Slobodan Milosevic is still in power in Serbia, though because that country has a less oppressive system of government than Iraq, he may be forced out of office. If, however, Milosevic is deposed because he failed to protect Serbian territory or the safety of Serbs living in other parts of what was once Yugoslavia, his successor may be another nationalist hostile to the West. Because of this continued Serbian militancy, the United States is keeping the equivalent of an Army division in the Balkans for an indefinite period, divided between Bosnia and Kosovo.
Iraq and Kosovo showcased American military superiority, but revealed a lack of strategy as formulated by Carl von Clausewitz. As Raymond Aron interpreted the great German strategist, "If strategy has one end, it could be summarized in a single word: peace. The end of strategy or of the conduct of the war is peace, not military victory, even though each of the belligerents wants a different peace or conceives of peace in different terms."
This kind of peace requires fundamental political change to be stable. The winning belligerent must not just impose, but establish his version of peace by ensuring that the losing belligerent has abandoned any competing concept. In contrast, peacekeeping is not peace; rather, it is proof that the war is not really over. This is because the enemy remains in power to fight another day. Clausewitz fought in the Napoleonic Wars. That two-decade struggle produced great victories on all sides, but only after Napoleon was deposed was there peace.
The United States seemed to understand this in World War II when President Franklin Roosevelt declared a strategy of "unconditional surrender" and "the destruction of the philosophies in those countries which are based on conquest and the subjugation of other people." This meant the removal of the Axis regimes and their replacement with democratic governments. It would have been unthinkable to stop at the German border after the liberation of France, leaving Adolf Hitler in Berlin.
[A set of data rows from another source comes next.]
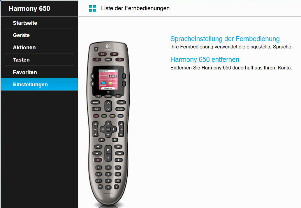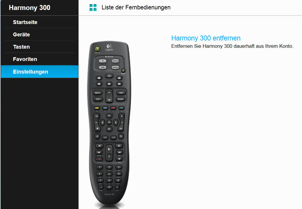 Durch einen Klick oben auf "Liste der Fernbedienungen" geht's direkt wieder zurück zur Auswahl-Seite.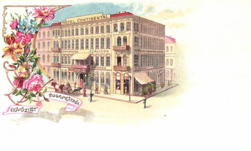 Budapest V. Hotel Continental szálloda, floral litho (levágott / cut) https://www.darabanth.com/hu/231-Gyorsarveres/231.0/Kepeslapok/Magyarorszag~5/Budapest-V-Hotel-Continental-szalloda-floral-litho-levagott-cut~II1043319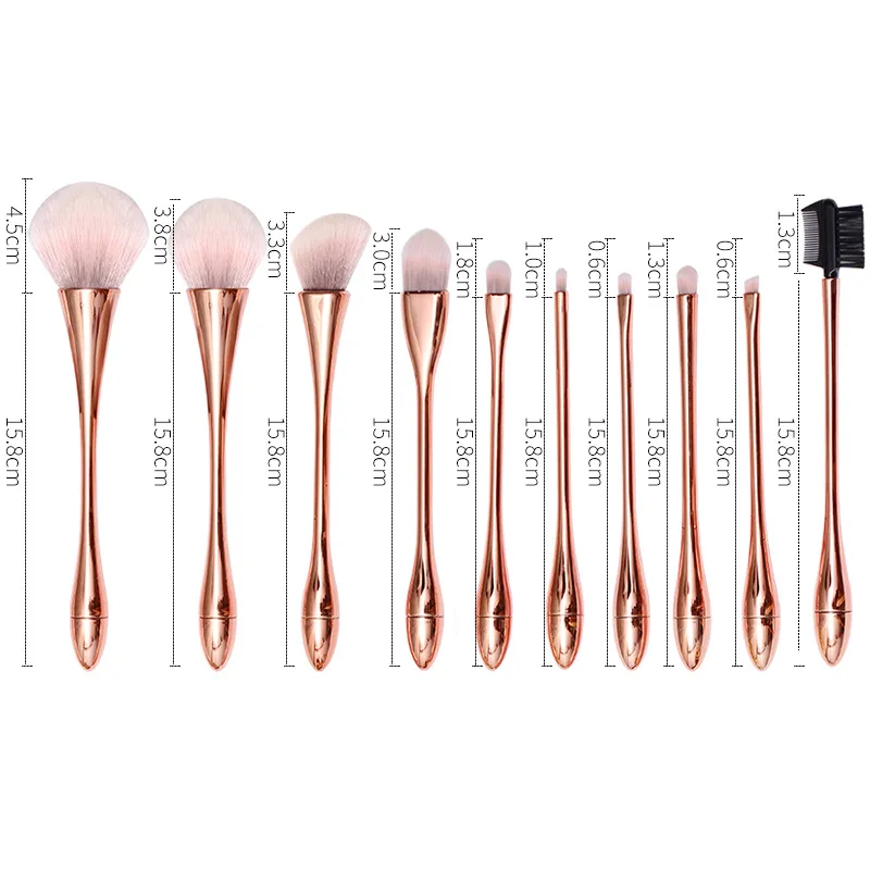 - Includes 10 high-quality brushes with dense, soft synthetic fibers perfect for precise makeup application and blending. Comfortable to hold handles are made of polished, electroplated plastic in rose gold finish.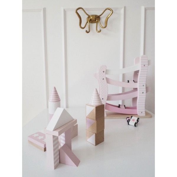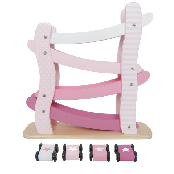 Drewniana zjeżdżalnia, pochylnia dla aut - to genialna zabawka dla małych fanek motoryzacji w nowej pastelowo- różowej kolorystyce skradnie serca dziewczynek. Ten drewniany tor samochodowy składa się z czterech połączonych pochylnie tras. Wystarczy umieścić jeden z samochodów na szczycie wieży i oglądać go jak zjeżdża w dół. W zestawie znajdują się cztery auta, można je puszczać wszystkie razem.

Mussolini was executed by Italian partisans after the fall of Rome; Hitler committed suicide in his Berlin bunker. Emperor Hirohito was spared, but General Tojo was hanged. Denazification programs, war crimes trials, purges of collaborators, and the writing of new constitutions cemented liberal governments in office. These new democracies soon joined the United States as allies. Western Europe settled into the longest period of peace in its history.
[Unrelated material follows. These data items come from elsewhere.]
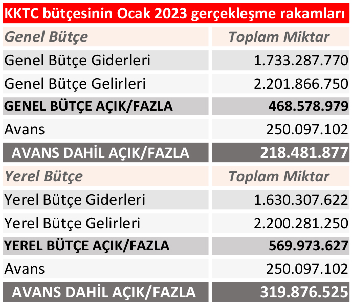 KKTC Maliye Bakanlığı verilerine göre Ocak 2023’te bütçe ciddi miktarda “fazla” verdi. Veriler, Ocak ayında yerel bütçede 319 milyon 876 bin TL, genel bütçe ise 218 milyon 481 bin TL fazlaya işaret ediyor. Finans çevreleri “Maliye Bakanı’nın endişelerine” rağmen 2023’e “dinamik” bir başlangıç yapıldığını belirterek, devletin gelirlerindeki ciddi artışın “pahalılık” ve “astronomik oranda yükseltilen (dolaylı) vergilerden” kaynaklandığına dikkati çekiyor. Maliye Bakanı Alişan Şan, geçtiğimiz günlerde yaptığı bir açıklamada, “Türkiye’den kaynak gelmemesi halinde 2023 Mali yılı bütçe açığının 8 milyar civarında olabileceğini” söylemişti.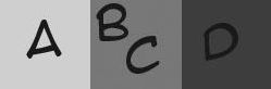 類似于下面這樣的視覺欺騙,我們在生活中肯定見過不少。這兒做了個超簡化的視覺模型,總共就用了三個色階,之所以說其中存在著“欺騙”,就是因為看上去C的色調(diào)要比B深,但事實上他們卻是一樣的明度。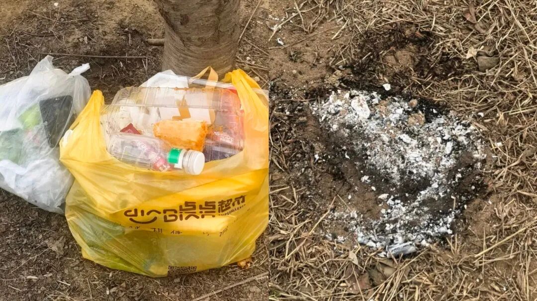 有些露营者离场后,却没能都把垃圾带走。装有餐盒、饮料瓶和食物残渣的袋子敞口堆放在树底下。被丢弃的烧烤炉随意搭在废纸箱上,还有部分炭灰散落在干草中。

Yet, even during World War II, American military strategy sometimes overlooked the value of seizing foreign capitals and establishing friendly governments in them. When the people of Paris revolted against the German-Vichy regime in 1944, the approaching American army did not want to go to their aid for fear of getting bogged down in city fighting. General Dwight Eisenhower wanted to bypass Paris and stay in hot pursuit of the retreating Wehrmacht. Yet, much of the French resistance was composed of communists, and there was a danger that a liberated Paris would still not be in friendly hands. Charles de Gaulle understood the importance of who would rule in Paris to the future of postwar France and ordered one of his Free French divisions to occupy as well as help capture the capital.
There has been a long debate over the failure of the United States to drive hard on Berlin to beat the Soviets to the city. Eighteen days before the Soviets reached Berlin, the US Ninth Army established a bridgehead across the Elbe, 50 miles from the German capital. They were not ordered forward. Instead, US troops spent their time mopping up resistance west of the Elbe, the river becoming the dividing line between US and Russian operations. General Omar Bradley considered Berlin merely a "prestige objective" that was not worth the extra casualties to capture. Bradley admitted later in his memoirs that he had "naively" dismissed British desires to "complicate the war with political foresight and non-military objectives."
A similar situation faced General George Patton's Third Army in Czechoslovakia. On the day the war ended, Patton's troops were in a position to drive on Prague in force. Czech democratic leaders and British Prime Minister Winston Churchill called for such an advance, but the order was not given. In fairness to Eisenhower, Bradley, and Patton, they did not receive any political guidance from higher authority in Washington to design their military plans with postwar political objectives in mind.
Churchill protested this lack of thought to no avail. His interpretation of the Yalta discussions on zones of occupation was that "Berlin, Prague, and Vienna could be taken by whoever got there first." The debate over how Germany might have been divided or governed differently had the Western Allies captured Berlin will go on forever, but it is clear that the failure to send US troops deeper into Czechoslovakia and keep them there condemned that country to four decades of communist rule.
World War II also saw the first signs of a strategic choice in force structure that would bedevil the military pursuit of political objectives throughout the postwar era. In 1943, even before the invasion of France or the Philippines, the decision was made to limit the Army to 90 divisions. The savings from canceling over half the divisions planned in 1941 was to go to expanding the heavy bomber force, which would not only need manpower and industrial capacity to be built, but shipping space to be deployed and sustained.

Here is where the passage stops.